– Mon Dieu, mes amis,[270] всё это так для меня неожиданно.
Наконец-то воротилась Софья Матвеевна. Но она села на лавку такая убитая и печальная.
– Не быть мне в Спасове! – проговорила она хозяйке.
– Как, так и вы в Спасов? – встрепенулся Степан Трофимович.

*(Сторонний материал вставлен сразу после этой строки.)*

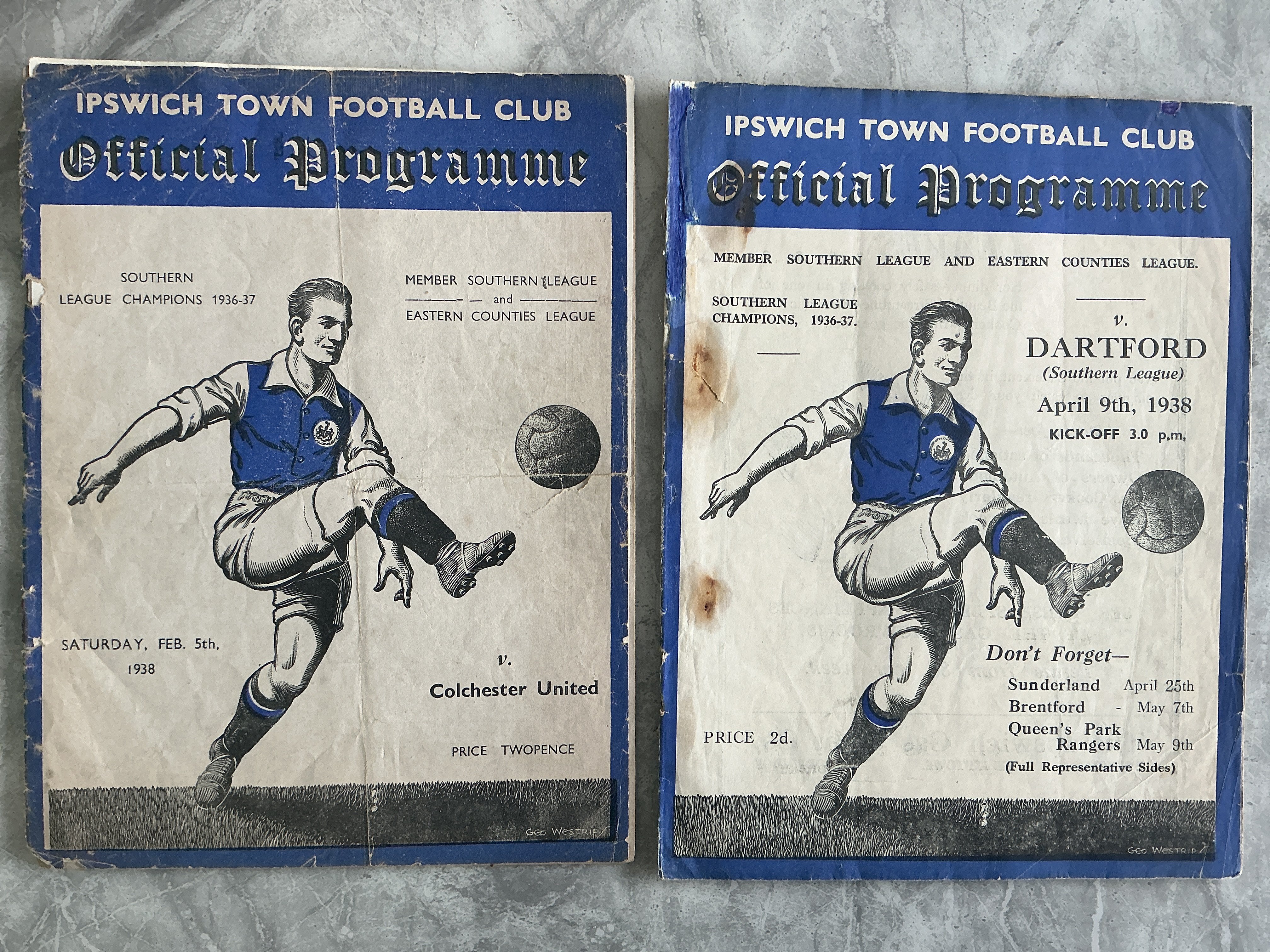 Ipswich Town Home Damaged Pre War Football Programmes: 37/38 Colchester split spine + tear, Dartford rust marks, 38/39 Aston Villa no back cover, Newport reserves pieces missing, Bristol Rovers pieces missing from back page, Newport covers loose and pieces missing,, Cardiff no back cover. Very poor. (7)

Оказалось, что одна помещица, Надежда Егоровна Светлицына, велела ей еще вчера поджидать себя в Хатове и обещалась довезти до Спасова, да вот и не приехала.
– Что я буду теперь делать? – повторяла Софья Матвеевна.

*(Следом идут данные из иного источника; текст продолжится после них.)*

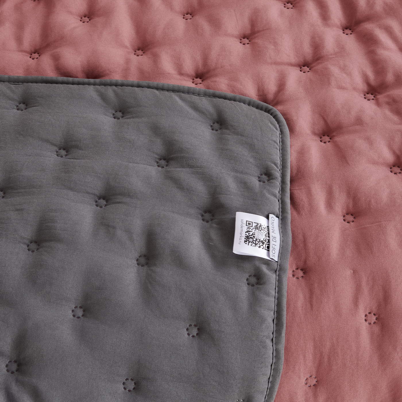 Покрывало стеганоеКомплектация:Покрывало: 230х250 (1шт);Наволочка: 50х70 (2шт);Плотность: 300гр/м2 (90/120/90);Состав ткани: 100% полиэстер;Наполнитель: микроволокно;Упаковка: сумка ПВХ;Уход: Стирка 30°C

– Mais, ma chère et nouvelle amie,[271] ведь и я вас тоже могу довезти, как и помещица, в это, как его, в эту деревню, куда я нанял, а завтра, – ну, а завтра мы вместе в Спасов.
– Да разве вы тоже в Спасов?
– Mais que faire, et je suis enchantè![272] Я вас с чрезвычайною радостью довезу; вон они хотят, я уже нанял… Я кого же из вас нанял? – ужасно захотел вдруг в Спасов Степан Трофимович.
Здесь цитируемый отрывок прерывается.